Collected GS sequences were evaluated if they represented true mRNA termini. Of 3928 independent GS sequences that matched GenBank entries, 3470 (88%) represented the most 3′ MboI fragments of the deposited cDNA sequences. The rest represented alternatively polyadenylated mRNAs or internally primed artifacts that cannot be discriminated by sequence inspection of individual cases. Thus, the presence of the poly(A) addition signals upstream of the addition site was used for the validation as mass data. Canonical signal (AATAAA) and sequences with single-base substitutions were examined 10 bp to 50 bp from the poly(A) tail in 4431 independent GS sequences (Fig.1A).1 In 93% of GS sequences, AATAAA or a single base variant was found. The prevalence of AATAAA and single base variants was quite similar to that observed in 1123 GenBank human cDNAs with clear annotations of poly(A) sites. In the case of 3′ ESTs deposited in dbEST, the proportions of signals differed greatly between those starting with a stretch of Ts and those without them (Fig. 1A). The former has very similar signal occurrence, but in the latter the proportion of AATAAA is greatly reduced, indicating that the short region following a poly(T) stretch was trimmed before data submission as reported (Hillier et al. 1996).
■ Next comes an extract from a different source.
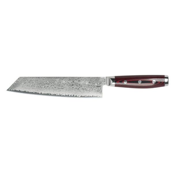 Coltello Kiritsuke con lama affilata a rasoio in acciaio inox sinterizzato giappnese, SG2 Micro Carboide, ricoperto da 161 strati d’acciaio inox a rigidità varibile. Dimensioni lama: 20 cm. Dimensioni totali: 34 cm.

The 458 BodyMap GS that matched internal regions of GenBank mRNAs had similar frequencies of hexanucleotide signals, suggesting that the majority of them are also polyadenylated in vivo. Because we counted not only the well-known single-base variants, such as ATTAAA, but also all of the possible single-base substitutions, the fraction of each of these variants was compared for cDNA ends having only one candidate signal (Fig. 1B). The proportion was consistent across GenBank primate sequences, BodyMap, and untrimmed 3′ ESTs. Trimmed 3′ ESTs served as nonterminal controls. This agreement between the three sets of data suggests that some of the uncommon hexanucleotide variants, such as BATAAA and AATABA (B = T, G, C), are functional and that most of the cDNA sequences with only single-base variants in either set of data represent true 3′ termini of transcripts.

Figure 1.

Distribution of AATAAA and single-base variants in 3′ ends of ESTs. (A) The hexanucleotide signals from the 3′ ends of four sets of cDNA sequences. The regions 10–50 bp from the polyadenylation sites were examined for the presence of AATAAA or its single-base variants. The 3′ ESTs from dbEST were divided into those starting with more than seven Ts (Tn > 7) and those without a T in the first position (T0). (B) The prevalence of each single-base variant in the cDNA termini with only one variant signal and no AATAAA within the 10–50-bp region from the poly(A) tail in each of four data sets is shown. The frequencies (%) of all 18 possible variants in each data set are shown beside bars. In vitro polyadenylation activities for each variant measured in the context of the SV40 polyadenylation signal are reproduced from the literature (Wickens et al. 1984; Sheets et al. 1990)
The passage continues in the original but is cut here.